Geleceği sınırsızdı.
Bunu düşünen tek kişi Tong En değildi. Bi Yao, Wei Na ve diğerleri de aynı düşünceye sahipti.
Bir anda Wang Teng’e daha fazla önem atfettiler ve onunla güçlü bir ilişki kurma niyetleri güçlendi.
Dahası, Wang Teng büyük usta bir simyacıydı. Böyle yeteneklere ulaşmak kolay değildi.
Bu düşüncelerle, Tong En ve diğerleri inanılmaz derecede minnettar hissettiler ve Wang Teng’e olan takdirlerini içtenlikle dile getirdiler.
“Büyükler, kendinizi çabucak iyileştirmelisiniz. O zırhlı cesetler her an buradan geçebilir,” diye öğüt verdi Wang Teng.
“Evet!” Tong En ve diğerleri başlarını salladı. Hiç tereddüt etmeden oturdular ve iyileşme haplarını çıkararak iyileşmeye başladılar.
Önceki savaş güçlerini önemli ölçüde tüketmiş ve yaralanmışlardı. İyileşme olmadan kendilerine yük olacaklardı.
Yaraları yavaş yavaş iyileşirken, Tong En ve diğerlerinin yüz ifadelerinde bir iyileşme olmadı. Güçlerinin ve hatta fiziksel bedenlerinin etrafını saran ve onlara ciddi rahatsızlık veren gölgemsi gücün etkisinden kurtulamıyorlardı.

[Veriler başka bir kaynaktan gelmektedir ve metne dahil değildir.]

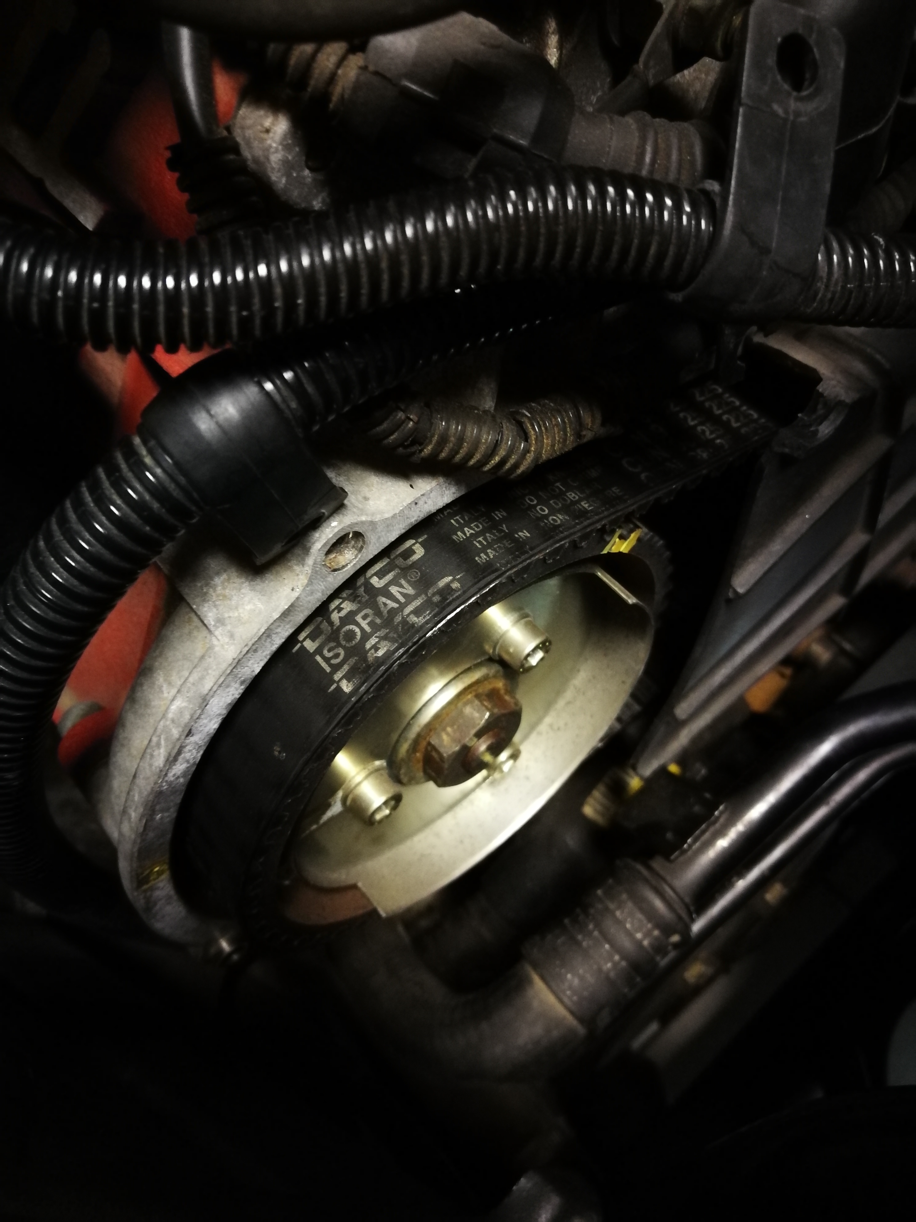 Progressivement, la courroie va tourner, entrainée par la poulie (si vous ne dévissez pas les bougies, ça va etre un peu dur vu la résistance du moteur, mais c'est jouable même avec une petite clef).

“Lanet olsun! Bu güç nedir ve neden bu kadar ısrarcı?” Yuan Bai gözlerini açtığında şikâyet etti.
Diğerleri de gözlerini açtı, yüzlerindeki ifade güven verici olmaktan çok uzaktı.

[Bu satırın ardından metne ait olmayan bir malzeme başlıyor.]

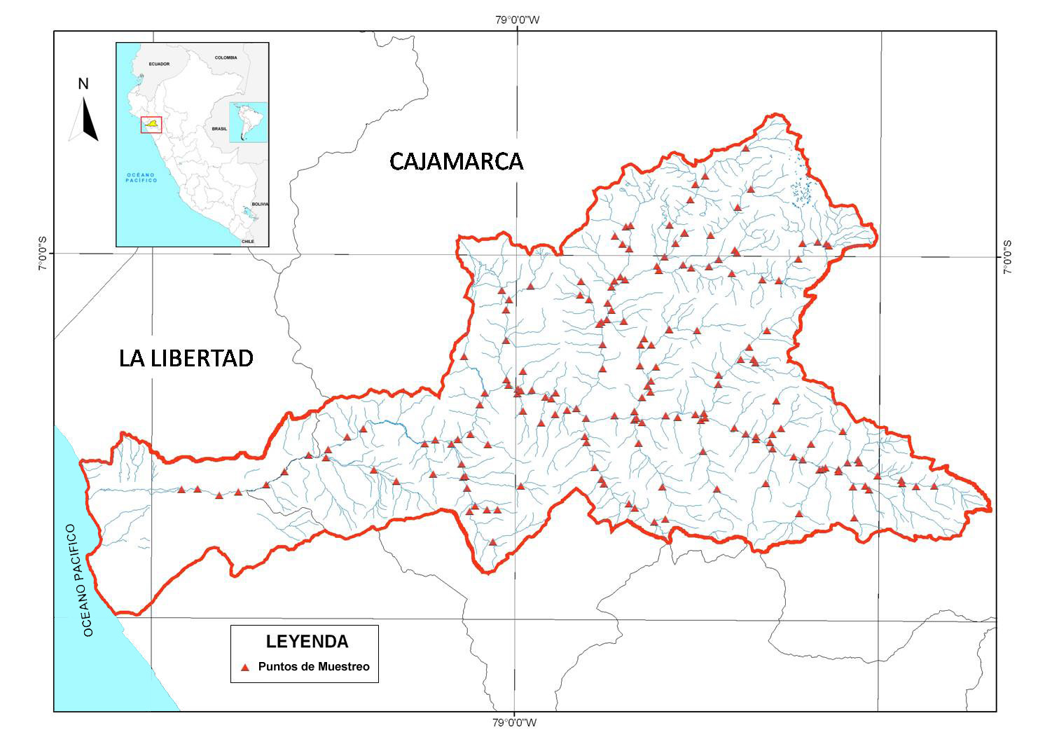 Mapa de Prospección geoquímica y muestreo de aguas de la cuenca del río Jequetepeque.

Bu garip güç beklentilerinin ötesindeydi.
“Abla, bana elini ver. Bir bakayım,” dedi Wang Teng Tong En’e.
“Tamam!” Tong En, Wang Teng’in ne yapmaya niyetlendiğini bilmediği için bir an tereddüt etti. Ancak, bir Büyük Usta Simyacı olarak statüsü göz önüne alındığında, bir çözümü olabileceğini düşündü. Bu yüzden elini uzattı.
Wang Teng, Tong En’in elini tuttu ve ilk izlenimi… biraz yumuşak olduğu yönündeydi!
Öksürdü, öksürdü.
İhtiyatlı bir şekilde öksüren Wang Teng çabucak soğukkanlılığını geri kazandı ve durumu dikkatle algılarken ciddi bir ifade takındı. Gerçekten de Gölge Gücünün varlığını tespit etmişti.
Wang Teng, “Direnme,” dedi.
Tong En gözlerini kırpıştırdı ve başını salladı.
Yuan Bai ve diğerleri hayretler içinde kaldı. Başlarını çevirdiler ve Wang Teng’i gördüler.
Bir çözümü olabilir miydi?
Wang Teng Gölge Yeteneğini etkinleştirdi ve avucundan hafif bir emme kuvveti yayılıp Tong En’in vücuduna aktı.
“Bu da ne?” Tong En haykırdı, Wang Teng’e inanamayarak bakarken gözleri büyüdü.
Gölge Gücünün emildiğini hissetti.
Bu inanılmazdı!
Bunu nasıl yapmıştı?
Kısa sürede, Tung En’in vücudundaki tüm gölge güç tamamen emilmiş ve geride hiçbir iz bırakmamıştı.
Bir anda kendini çok daha hafiflemiş hissetti ve soğuk, ürkütücü his tamamen yok olmuştu. Yüzündeki mavimsi renk de kaybolmuştu.
“Şimdi daha iyi mi?” Yuan Bai ve diğerleri şaşkınlıkla önce Tong En’e, sonra da Wang Teng’e baktılar.
Wan Dong ve grubu da aynı şekilde şaşkındı, ancak Wang Teng daha önce gölgeleri zahmetsizce çözdüğü için biraz zihinsel hazırlık yapmışlardı.
Tong En ve arkadaşlarının durumu Guang Yu ve diğerlerinin başına gelenlere benziyor gibi görünüyordu.
Bu zırhlı cesetler de bu gölgelere benzer bir şey tarafından kontrol ediliyor olabilir miydi?